PULLMAN, Wash.—Since the dawn of science, scientists have been using models to visualize and explain the workings of the world. But where the earliest ideas might have been conveyed in something as simple as a cave painting, modern-day scientists are wrestling with phenomena as big and complicated as intercontinental air pollution, desertification and global warming.
The scale of such inquiries recently set Howard Grimes to thinking, well, big.
"How do we use global scientific networks to devise solutions to these problems that we face across the globe?" asked Grimes, Washington State University vice president for research.
Grimes and a panel of experts drawn from WSU and elsewhere will tackle the question in a panel this Friday at the annual meeting of the American Association for the Advancement of Science in Vancouver, British Columbia. Their discussion will be in keeping with this year's theme, "Flattening the World: Building a Global Knowledge Society."
The term on most panelists lips will be "community modeling," which can have teams of researchers pooling data and ideas in a far-reaching, ever-changing collaborative process.
"Think: Linux," says Grimes, referring to the open-source computer operating system that can be used, changed and shared across not one but several communities.
Until recently, researchers have tended to work alone or in small groups, gathering data, building models and getting feedback after publishing their work. Community modeling is bigger, more powerful and more interdisciplinary while retaining the peer-review process essential for rigorous science.
"It's an iterative process that is globally based," says Grimes.
"Science needs to be relevant for decision making, and community modeling efforts can get us there through the creative efforts of a large multi-disciplinary group of people," says Jennifer Adam, assistant professor of Civil and Environmental Engineering. Adam has helped develop the BioEarth model, which aims to improve our understanding of how carbon, nitrogen and water interact in global climate change. The model can incorporate models of water, land and air, as well as models from different disciplines.

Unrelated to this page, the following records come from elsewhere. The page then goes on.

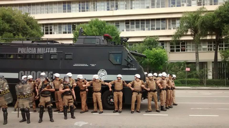 Essa é uma das cenas que entrará para a história política do Paraná. Inacreditávelmente os deputados governistas se submeteram a uma situação dessas: Chegar a ALEP dentro de um carro de polícia que lembra o “Caveirão” do BOPE do Rio de Janeiro.
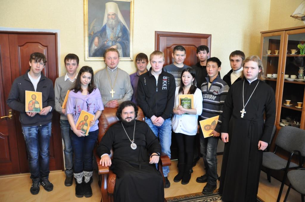 14 марта 2013 года в Знаменском зале Якутского епархиального управления прошла встреча епископа Якутского и Ленского Романа с делегатами Второго съезда православной молодежи Якутии.
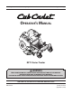 Safe Operation Practices • Set-Up • Operation • Maintenance • Service • Troubleshooting • Warranty Operator’s Manual RZT S Series Tractor WARNING READ AND FOLLOW ALL SAFETY RULES AND INSTRUCTIONS IN THIS MANUAL BEFORE ATTEMPTING TO OPERATE THIS MACHINE. FAILURE TO COMPLY WITH THESE INSTRUCTIONS MAY RESULT IN PERSONAL INJURY. CUB CADET LLC, P.O. BOX 361131 CLEVELAND, OHIO 44136-0019 Printed In USA Form No.
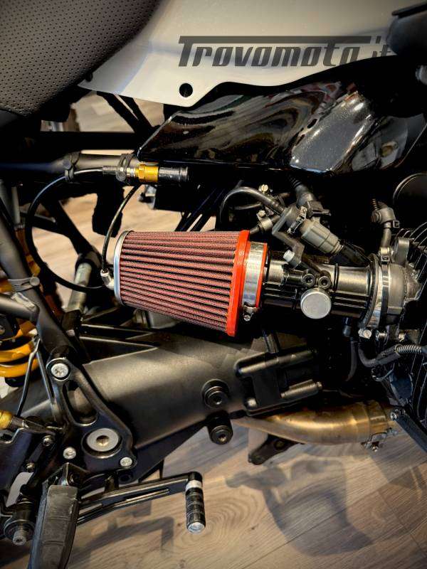 esterni, centralina Mappata con sostituzione Eprom della centralina con un aumento di circa 25cv di potenza, terminale di scarico Arrow titanio e carbonio, specchietti retrovisori cmc ricavato dal pieno, manubrio SRT Factory, e molti altri accessori
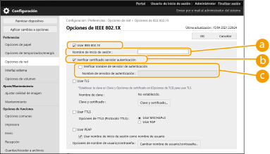 [Verificar nombre de servidor de autenticación]Para verificar el nombre común en el certificado del servidor, seleccione esta casilla de verificación e introduzca el nombre del servidor de autenticación en el que el usuario de inicio de sesión se encuentra registrado en [Nombre de servidor de autenticación].
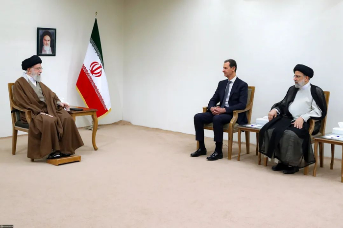 ◎ 2022年5月8日,哈梅内伊、莱希与阿萨德在交谈。
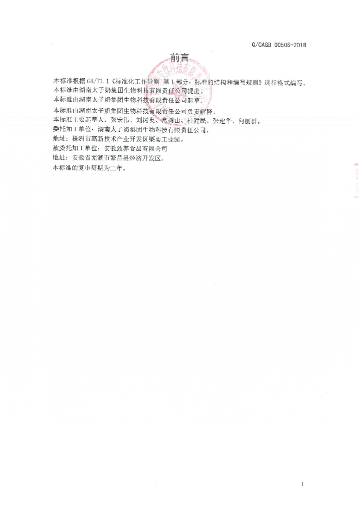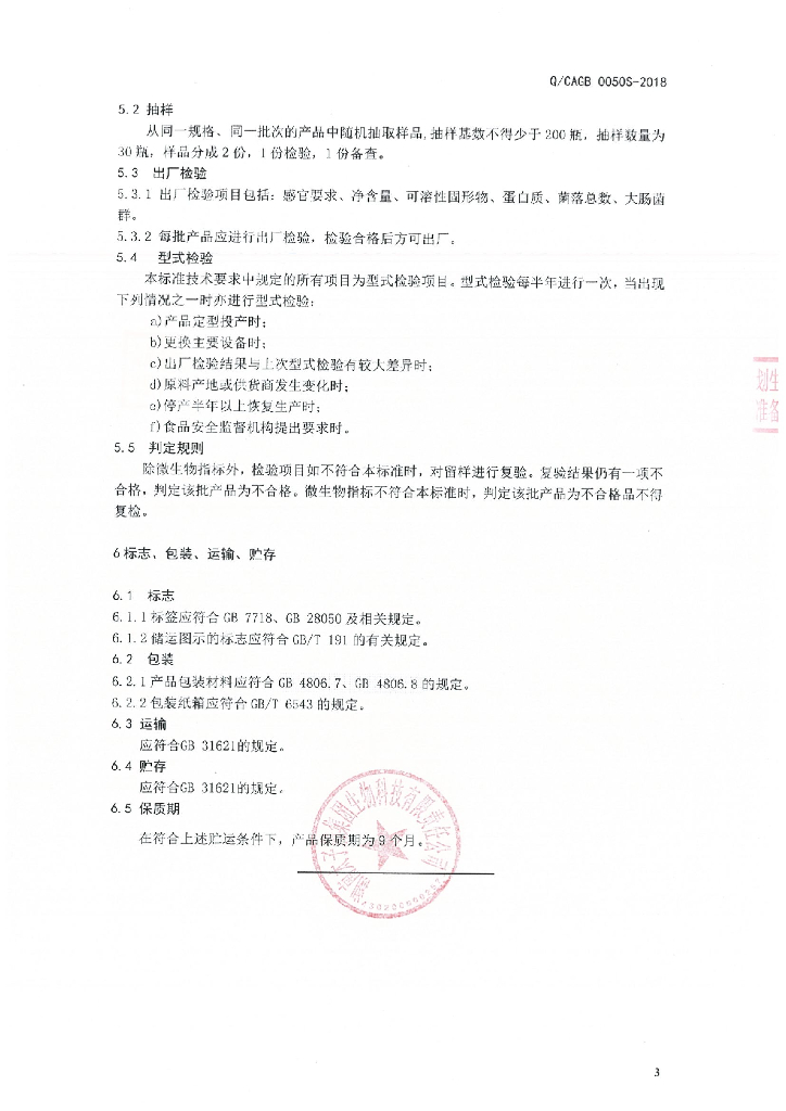Q/CAGB 0050S-2018 复合蛋白饮品

"Groups developing and applying these models need to span a much larger depth of disciplines than ever before," says Adam, "including psychologists, anthropologists, communication researchers, and not just the traditional social scientists that we typically work with, like economists."
Joining Adam in Friday's discussion will be Claudio Stockle, who will discuss how models can address problems relating to agricultural production and the sustainable use of land and water resources.
Agriculture and natural resource concerns in the Pacific Northwest are increasingly interconnected, he says, as demands for food, water and energy grow while facing pressures from climate change, increasing world population, and the hungry markets of emerging economies.
"We need to understand how the region will fare under projected future scenarios," he says, "and how to adapt or mitigate potential consequences." Using models to address such issues, he added, "is almost unavoidable."
The panel's other presenters are James W. Hurrell of the National Center for Atmospheric Research; Kathryn Myronuk of Singularity University; and Melissa Kenney of Johns Hopkins University's Whiting School of Engineering.